##### RECORDS SHOWN

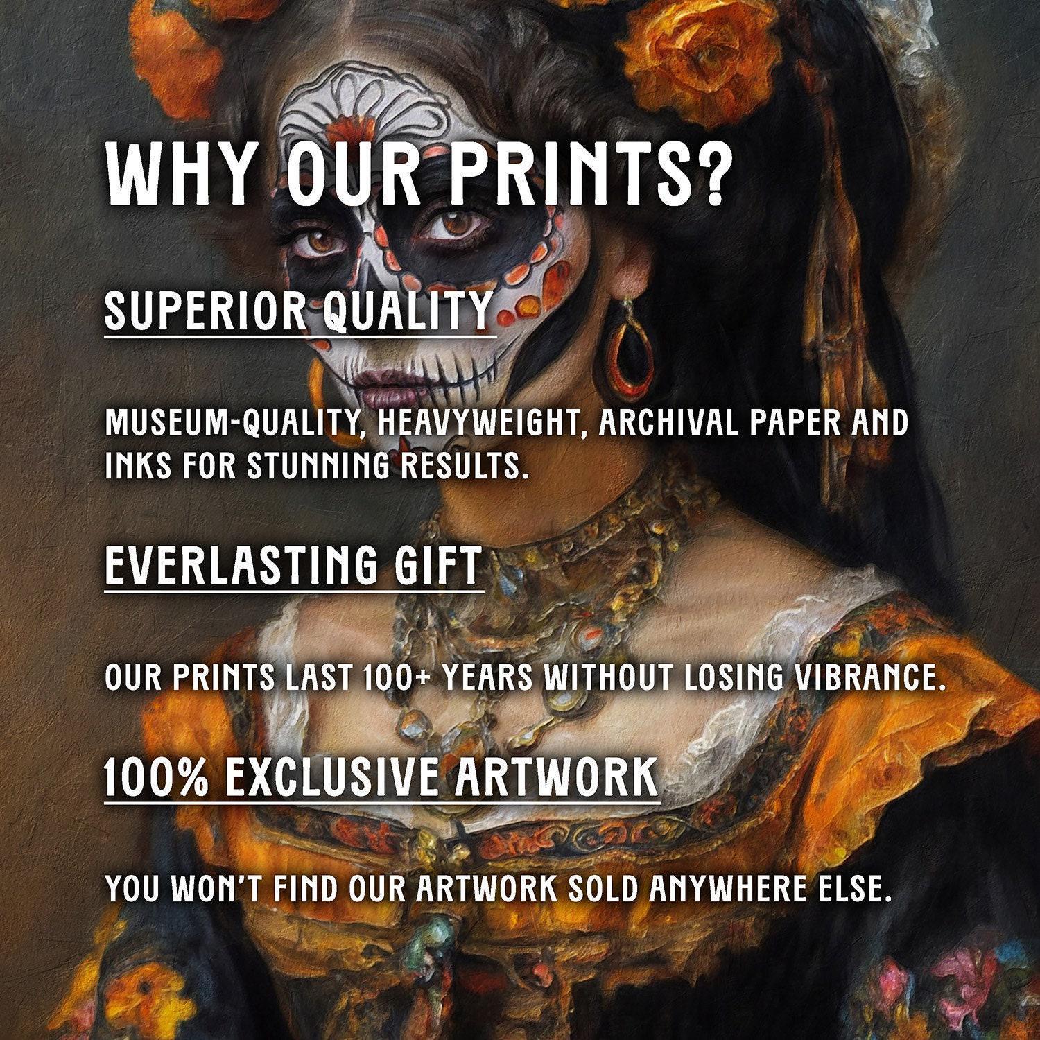 Our art prints are produced on museum-quality paper using archival inks to guarantee they last a lifetime without fading or losing color.
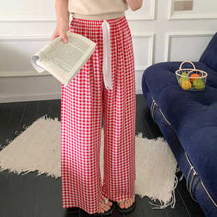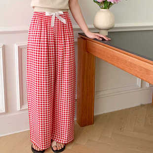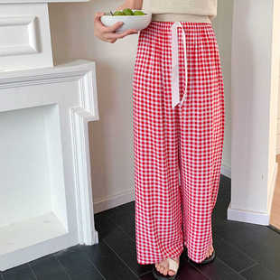 大红格子女人造棉慵懒格纹外穿直筒休闲宽松阔腿裤 棉绸睡裤 夏薄款
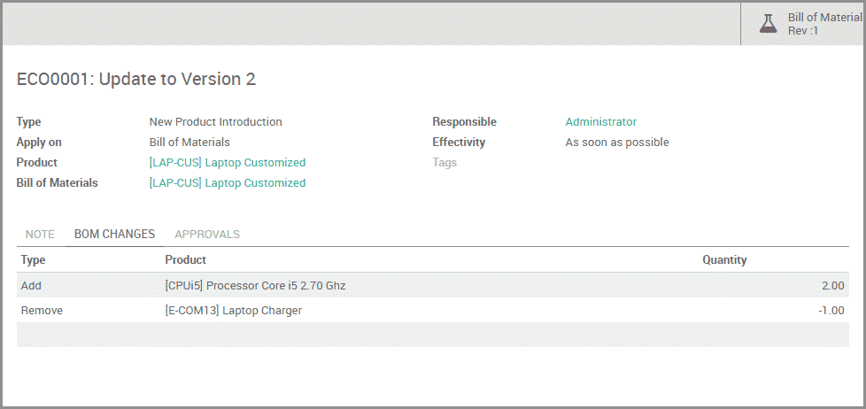 PLM extended the Manufacturing capabilities of Odoo by supporting Engineering Change Orders to revise Bills of Materials and/or Routings for products. Odoo 10 keeps track of what you add and remove at each revision and makes it easier to attach Engineering drawings and documents.
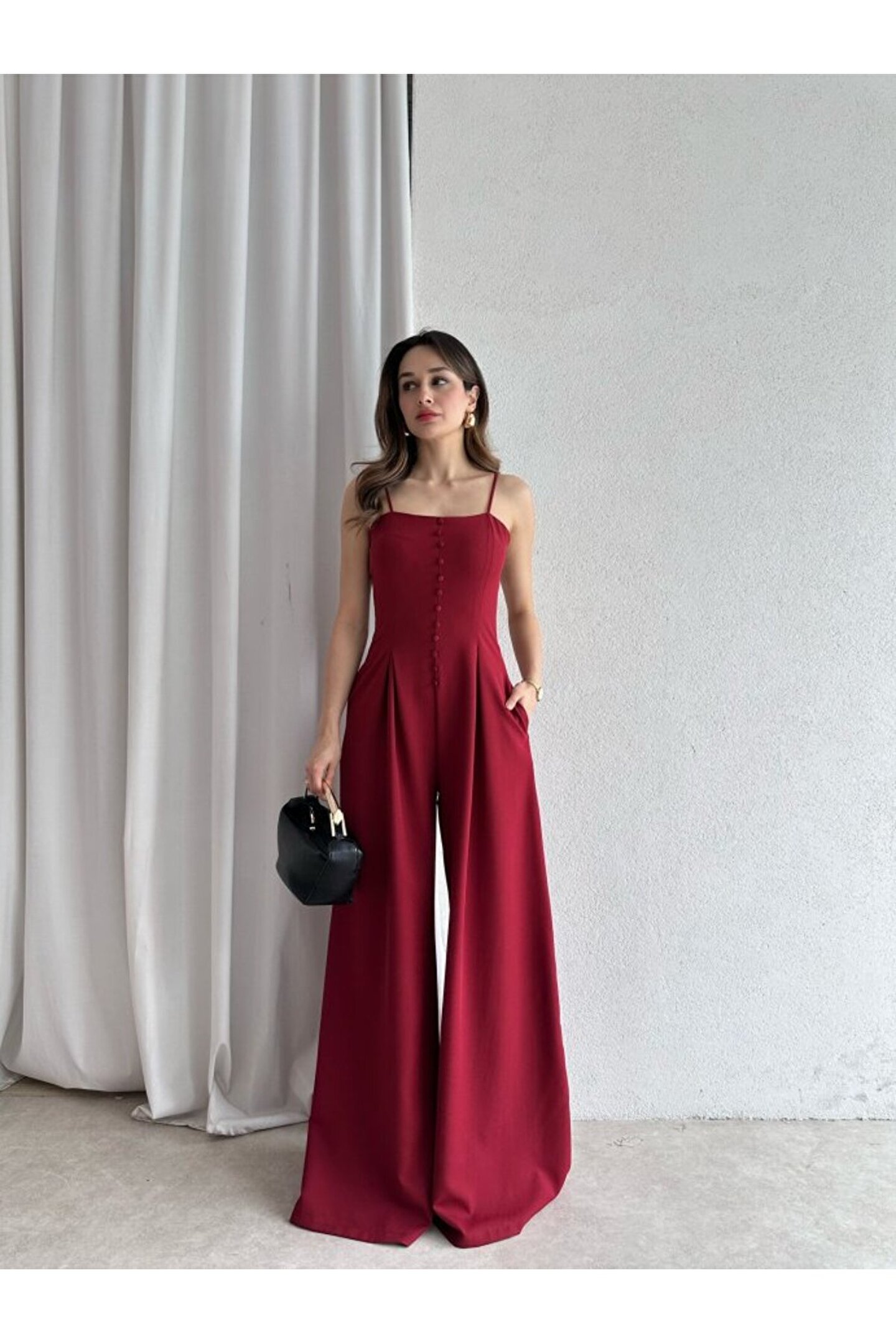 popibutik Kadın Askılı Kare Yaka Düğme Detaylı Tulum
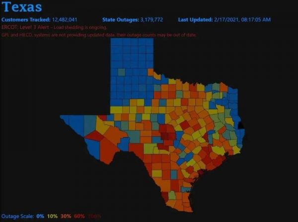 得州断电数据:蓝色停电率0%,黄色10%,橙色30%,红色60%,深红色100%。图:PowerOutage
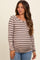 Beige Striped Ruched Side Maternity Long Sleeve Top
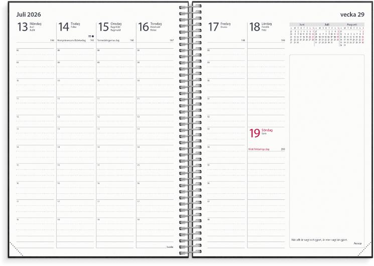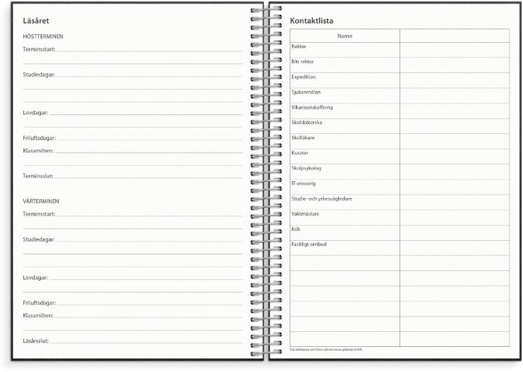 Effektivisera din vardag som lärare med hjälp av en lärarkalender, som ett analogt komplement till din digitala planering. Kalendern ger dig även möjlighet att se över utmaningar och framgångar i din vardag som lärare. Här finns plats för allt ifrån scheman och klasslistor till betygstabeller. Veckouppslagen innehåller mycket plats för anteckningar då vartannat uppslag innehåller ett vertikalt veckouppslag med timindelning 8-18 och vartannat uppslag innehåller anteckningssidor. Falsat ark för elevnamn ingår.
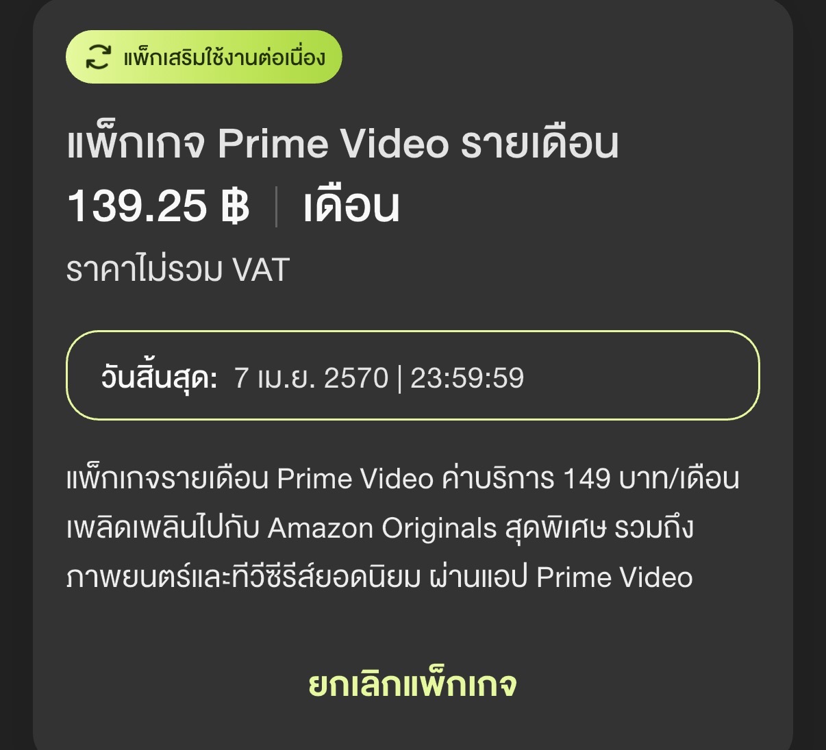 สมัคร แพ็กเกจของ ais แต่ยังดู prime Video ไม่ได้

##########

» WHAT IS BEING ASKED: Repeat exactly and only the lines from the start of the data above through the line that holds "Beige Striped Ruched", inclusive. Pictures do not belong in the copy.

» YOUR SOLUTION:
 Our art prints are produced on museum-quality paper using archival inks to guarantee they last a lifetime without fading or losing color.
 大红格子女人造棉慵懒格纹外穿直筒休闲宽松阔腿裤 棉绸睡裤 夏薄款
 PLM extended the Manufacturing capabilities of Odoo by supporting Engineering Change Orders to revise Bills of Materials and/or Routings for products. Odoo 10 keeps track of what you add and remove at each revision and makes it easier to attach Engineering drawings and documents.
 popibutik Kadın Askılı Kare Yaka Düğme Detaylı Tulum
 得州断电数据:蓝色停电率0%,黄色10%,橙色30%,红色60%,深红色100%。图:PowerOutage
 Beige Striped Ruched Side Maternity Long Sleeve Top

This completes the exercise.